In the entries that follow, locate the line with "each book separately.", then restate that line and all later lines exactly as they appear, leaving pictures out.

> _Exercise materials_:
▼

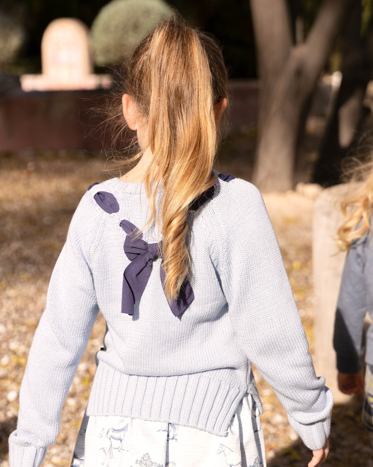 Porcelain-coloured knitted jumper with shiny accents. Bow detail on the back.
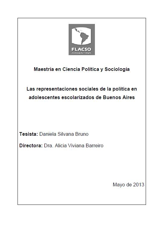 política. El objetivo de este trabajo fue indagar la representación social de la política de adolescentes escolarizados de Buenos Aires y sus posicionamientos diferenciales según su pertenencia a distintos grupos sociales. Se utilizó una muestra intencional compuesta por 203 estudiantes, con edades entre 17 y 18 años. Se administró la técnica de asociación de
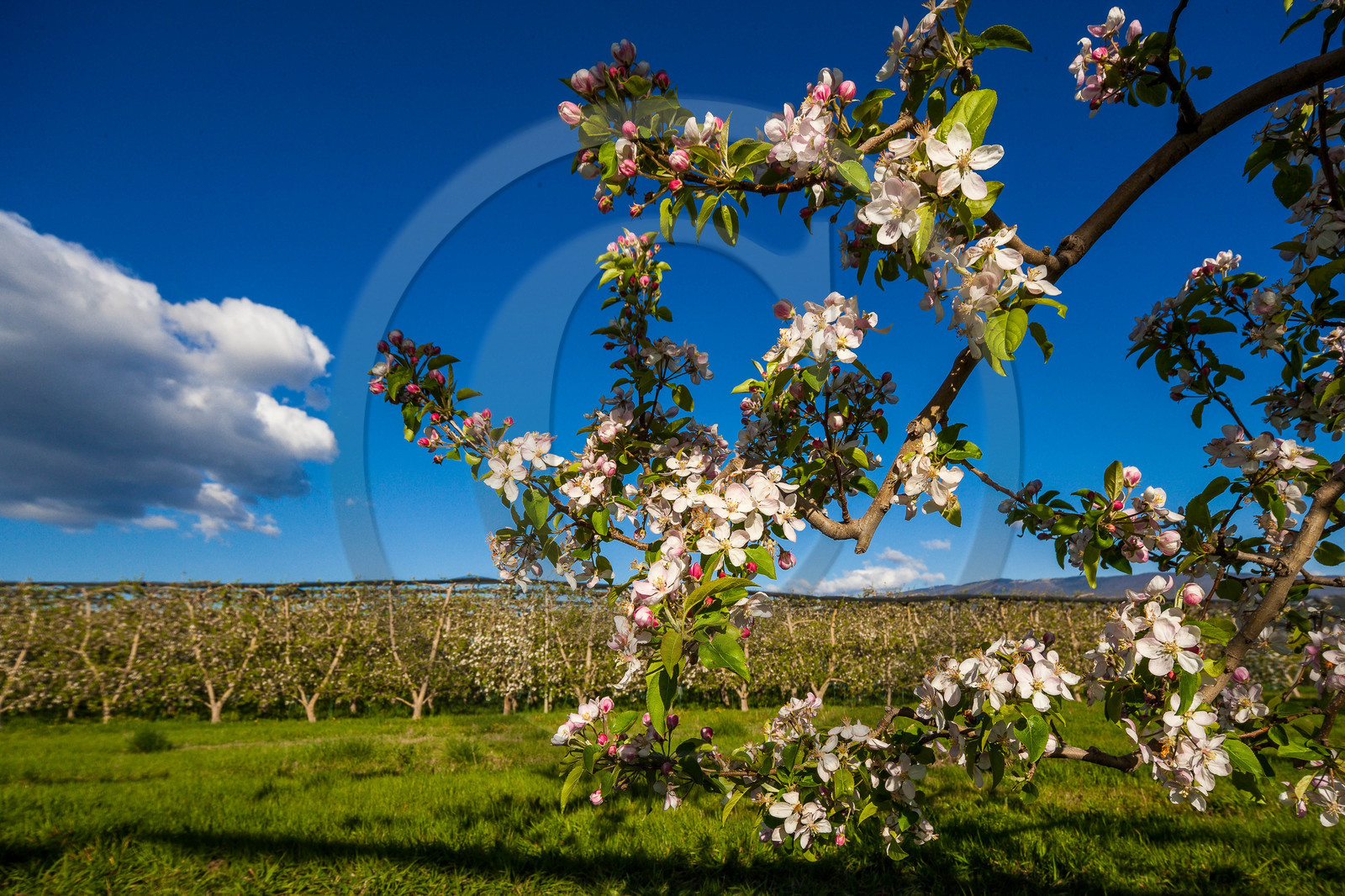 Description | Hautes Alpes (05), the Durance valley, orchard in blossom, apple producer |
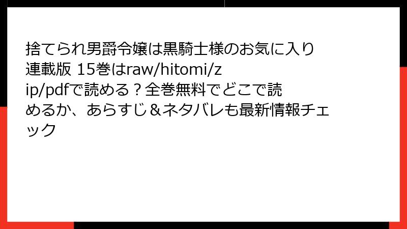 こんにちは、漫画ラバー管理人です! 大人気ファンタジー・ロマンス『捨てられ男爵令嬢は黒騎士様のお気に入り 連載版』の最新巻が気になって、つい「raw」「hitomi」「zip」「pdf」「漫画バンク」などのキーワードで検索しちゃった…そんな経験、ありませんか? 確かに無料でサクッと読める誘惑は大きいですが、実はそこには巨大なリスクが潜んでいます。今回は、法的トラブル、ウイルス感染、作者・出版社へのダメージまで、ブログ形式で詳しくお届け。15巻のネタバレを避けつつ、海賊版の闇を暴きます! 読み終えたら、正規版で応援したくなるはずですよ。
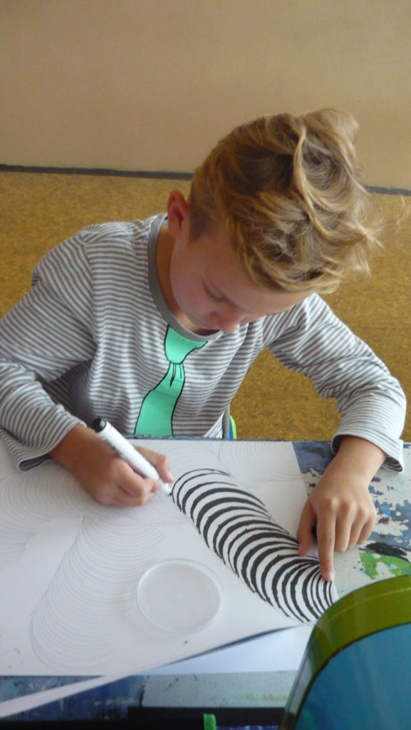 Odpadový materiál využívá při výuce výtvarné výchovy paní učitelka Plevná. Žáci IV. B pod jejím vedením obkreslovali víčka různých velikostí, a vytvářeli tak žížalky různých velikostí. Jejich práce budou zdobit třídní nástěnku a Ekoklubovnu.
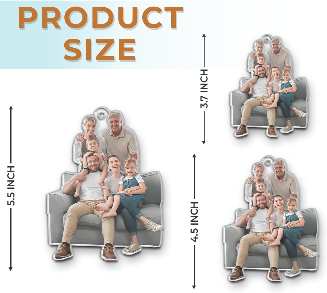 - π Custom Ornaments With Pictures: Crafted with high-quality acrylic, this ornament features a height of 3.7 inches (~9.5 cm) and a slim 0.12" thickness, ensuring its durability and lightweight design. The ornament can be customized with your photo, which makes it a truly personal and cherished gift. We include a hanging gold cord loop to easily hang on your Christmas tree or an ornament stand.
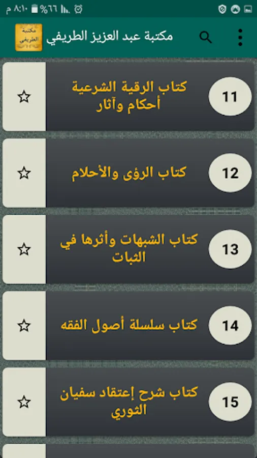 ◉ A list of the chapters of each book separately.
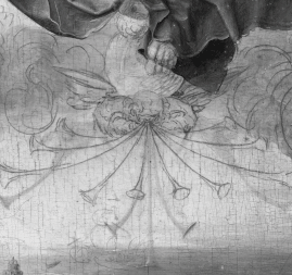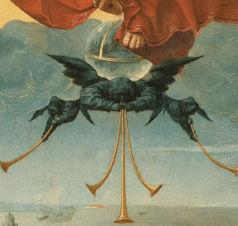 圖 4b: 相比較畫中實(shí)際所畫的5個喇叭,可以看到近紅外成像中有10個喇叭在大天使之下。畫中喇叭的位置似乎需要一個重新定位的帆船。地球儀上的腳趾的位置也與原始草圖的位置不同。圖像版權(quán)所有 by Detroit Institute of Arts。經(jīng)允許使用。
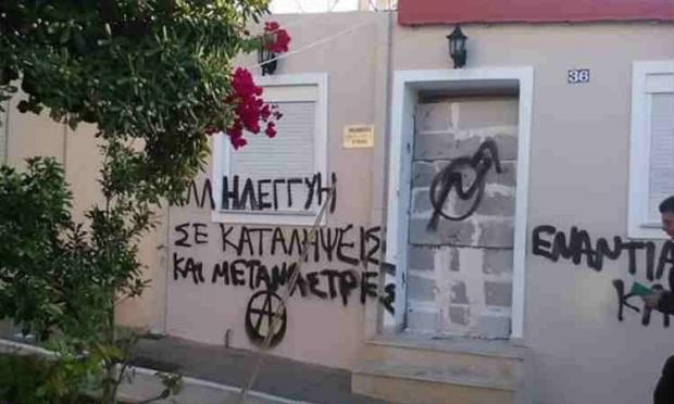 Όπως θα δείτε και στη φωτογραφία που ακολουθεί, οι δράστες έγραψαν συνθήματα στους τοίχους, καθώς και σύμβολα αναρχικών. Σύμφωνα με την ιστοσελίδα Piraeus Press δεν είναι η πρώτη φορά που γραφεία Τοπικής Οργάνωσης στον Πειραιά δέχονται επίθεση αντιεξουσιαστών.
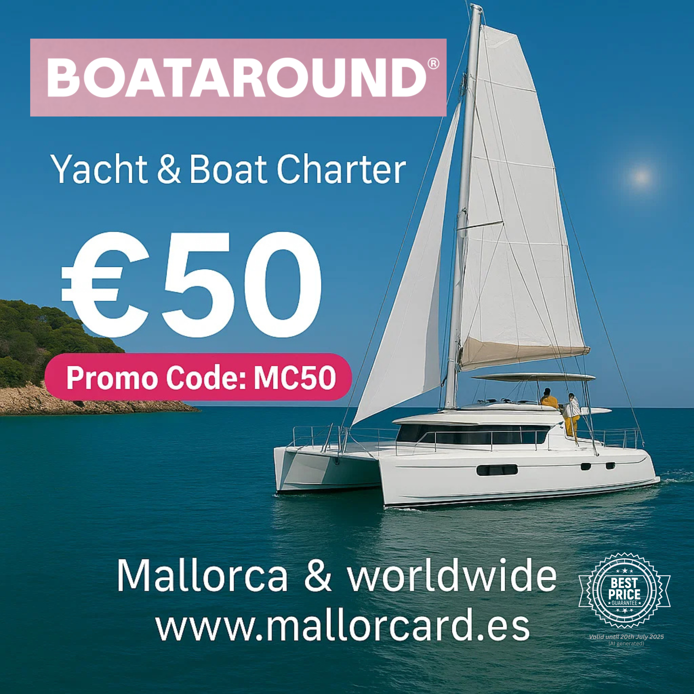🚤 Exclusive Offer: Enjoy 50 Euro off your yacht or boat rental at Boataround using Promo Code MC50 at checkout! Boataround offers a Best Price Guarantee, meaning if you find a cheaper offer elsewhere, Boataround will beat that price. Plus, with Mallorcard’s Boataround promo code MC50, you’ll receive an additional 50 Euro discount, ensuring the best possible value for your Mallorca yacht charter.
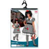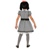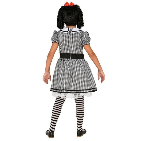 Sukienka lalki w kolorze szarym z białym kołnierzykiem i czarnymi zdobieniami.

▲

> _Written solution_:
 ◉ A list of the chapters of each book separately.
 圖 4b: 相比較畫中實(shí)際所畫的5個喇叭,可以看到近紅外成像中有10個喇叭在大天使之下。畫中喇叭的位置似乎需要一個重新定位的帆船。地球儀上的腳趾的位置也與原始草圖的位置不同。圖像版權(quán)所有 by Detroit Institute of Arts。經(jīng)允許使用。
 Όπως θα δείτε και στη φωτογραφία που ακολουθεί, οι δράστες έγραψαν συνθήματα στους τοίχους, καθώς και σύμβολα αναρχικών. Σύμφωνα με την ιστοσελίδα Piraeus Press δεν είναι η πρώτη φορά που γραφεία Τοπικής Οργάνωσης στον Πειραιά δέχονται επίθεση αντιεξουσιαστών.
🚤 Exclusive Offer: Enjoy 50 Euro off your yacht or boat rental at Boataround using Promo Code MC50 at checkout! Boataround offers a Best Price Guarantee, meaning if you find a cheaper offer elsewhere, Boataround will beat that price. Plus, with Mallorcard’s Boataround promo code MC50, you’ll receive an additional 50 Euro discount, ensuring the best possible value for your Mallorca yacht charter.
 Sukienka lalki w kolorze szarym z białym kołnierzykiem i czarnymi zdobieniami.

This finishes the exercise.